The sign was positioned in the most prominent part of Farmington. Even I couldn’t miss it!

Farmington is as small-town Maine as small-town Maine gets. Actually there are other smaller towns in Maine, but as a snob from Toronto, they just don’t appear on my radar. Farmington is, you guessed it, a farming community. It is one of those towns that you tend to drive through to get somewhere else, even though it is the hometown of Chester Greenwood, the inventor of earmuffs and that’s nothing to sneeze at!
Our family knows of Farmington only because we’ve stayed there a few times coming or going between Toronto and the Maritimes. This time around we noticed fewer motels and less activity. This small-town seems to be getting smaller. At least that was the consensus until we came across a sign that suggested a different trend.
The sign was positioned in the most prominent part of Farmington. Even I couldn’t miss it! Its message was a bold one to say the least–“God still plans to make Farmington His New Jerusalem—soon!” I had to read the sign a few times to make sure I was reading it properly. I mean, I guess I am out of the heavenly loop. I didn’t get the memo that explained, first time around, that Farmington was the place God had chosen for DD (Divine Development) and now I was being told that this was STILL God’s plan. Maybe I should pay closer attention to my email? Still, I should have guessed there was something special about Farmington when such a small town has a WalMart.
At the same time I felt a bit disappointed. I’ve been preaching for years that we could think of the most breathtaking images we have ever seen, multiply them by a billion and still not have any kind of a concept about the majesty of our heavenly condos. Well if Farmington is it, the New Jerusalem is going to be slightly more modest than my imagination led me to believe. Do cutbacks go that high up? Maybe it’s just that God hasn’t started phase one of His ‘Extreme Home Makeover’ yet and I need to reserve my opinion for a later date. Regardless, that sign certainly caught my imagination. I couldn’t get its message out of my head. I wondered about who was behind it.

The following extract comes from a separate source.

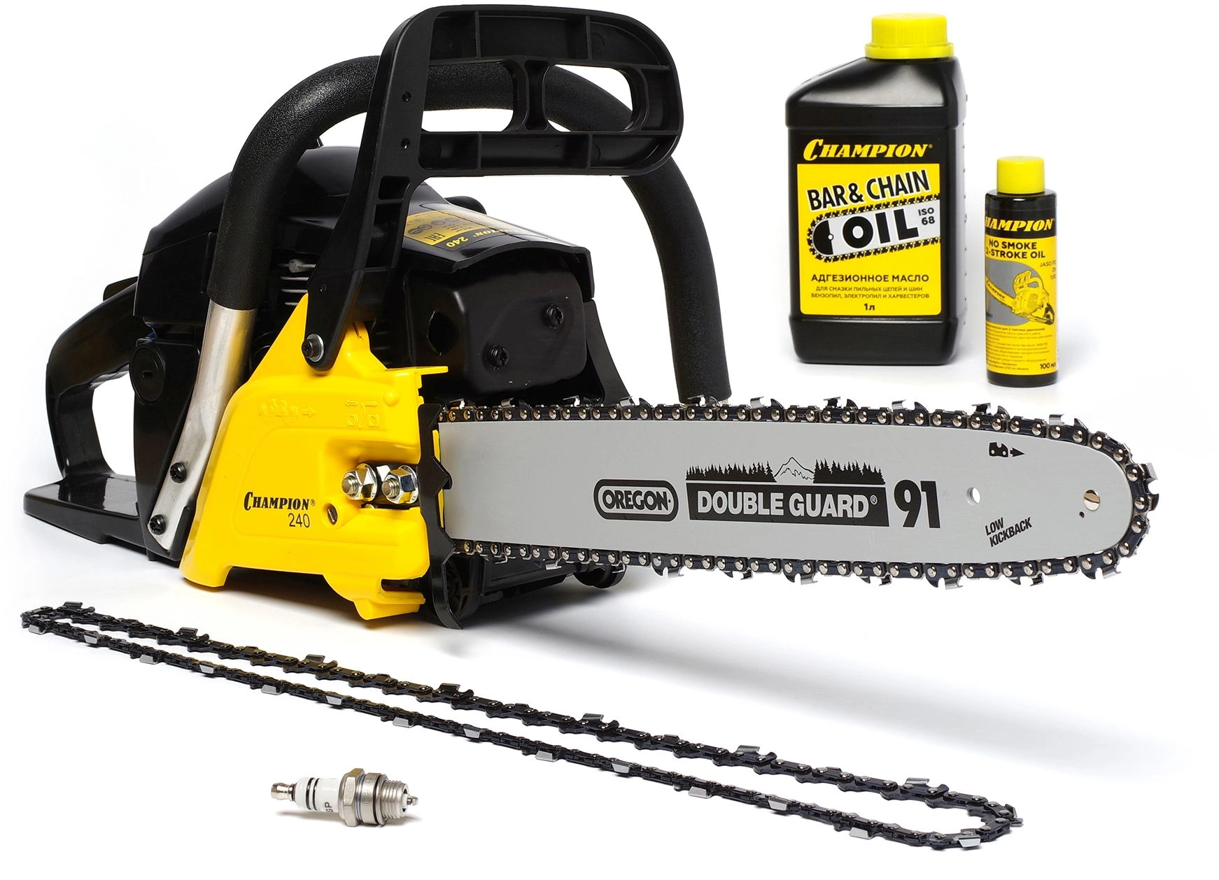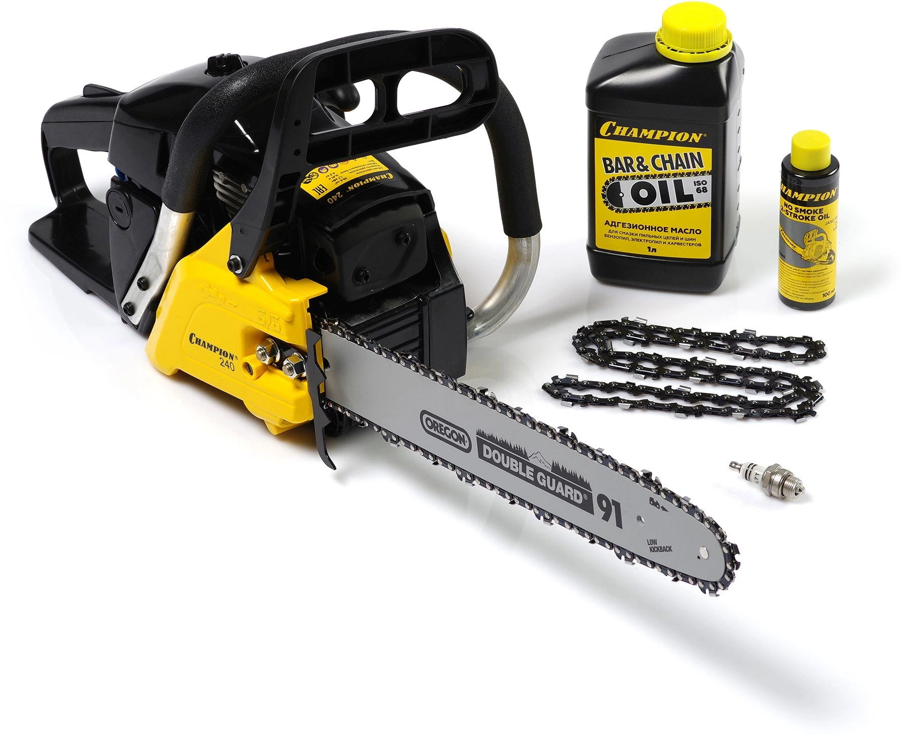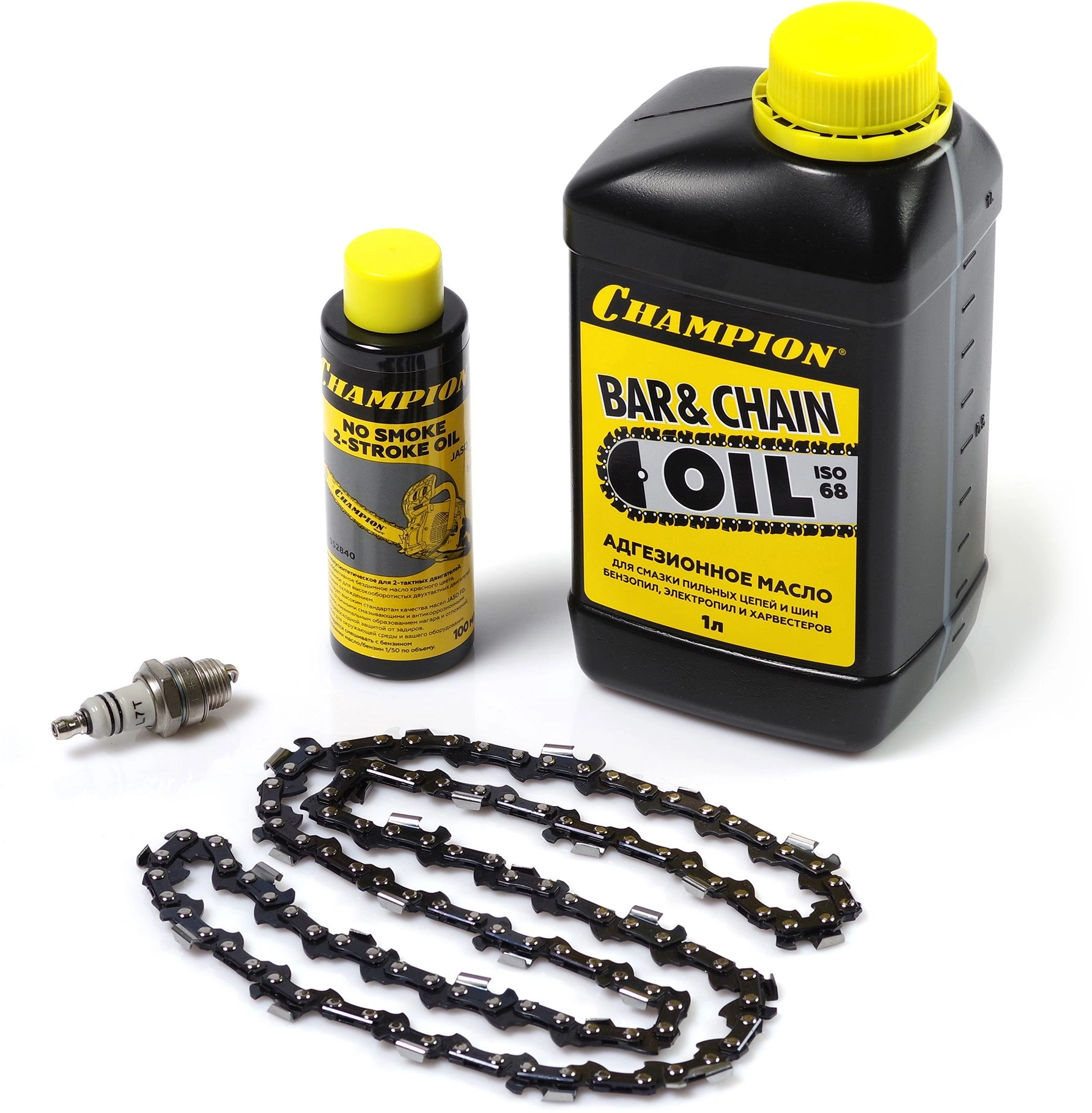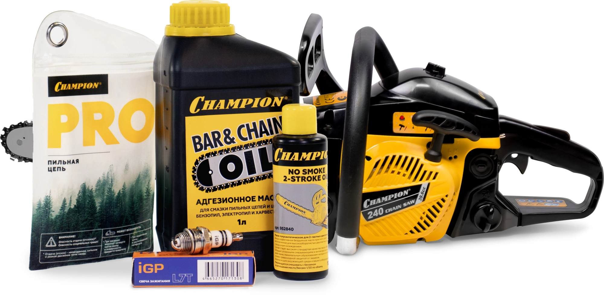 Бензопила, направляющая шина, цепь пильная, емкость для приготовления топливной смеси, защитный чехол, крышка шины, отвертка, свечной ключ, ключ Г-образный шестигранный, упор зубчатый, масло для смазки 1 л, свеча зажигания IGP L7T, масло для 2-такных двигателей Jaso FD 0, инструкция

My first thought was that it was some group lead by a self-proclaimed prophet from the Jimmy Jones School of Evangelism located in Waco, Texas. If you’ve been in Christian circles for any length of time, you have probably met one or two of these people. They tend to worship on their own, having forsaken their Babylon (the established Church), and they tend to have a real good handle on what God wants you to do.
I met someone like this not once, but twice. One meeting was in Charlottetown, PEI. The other occurred after just after moving back to Toronto. What are the chances? Anyway, his deal was that the Apostle Paul was the antichrist and that Armageddon would happen in Quebec and somehow the Hell’s Angels and former Prime Minister Brian Mulroney were in on it. He was very adamant that all of this was revealed to him as he studied the Word.
Don’t misunderstand me. I am not making fun of this individual. My heart went out to him. He really felt called to proclaim this message sacrificially and he clearly lived a life of single-focussed service that puts most people, including myself, to shame. If he would have allowed me to help him, I would have.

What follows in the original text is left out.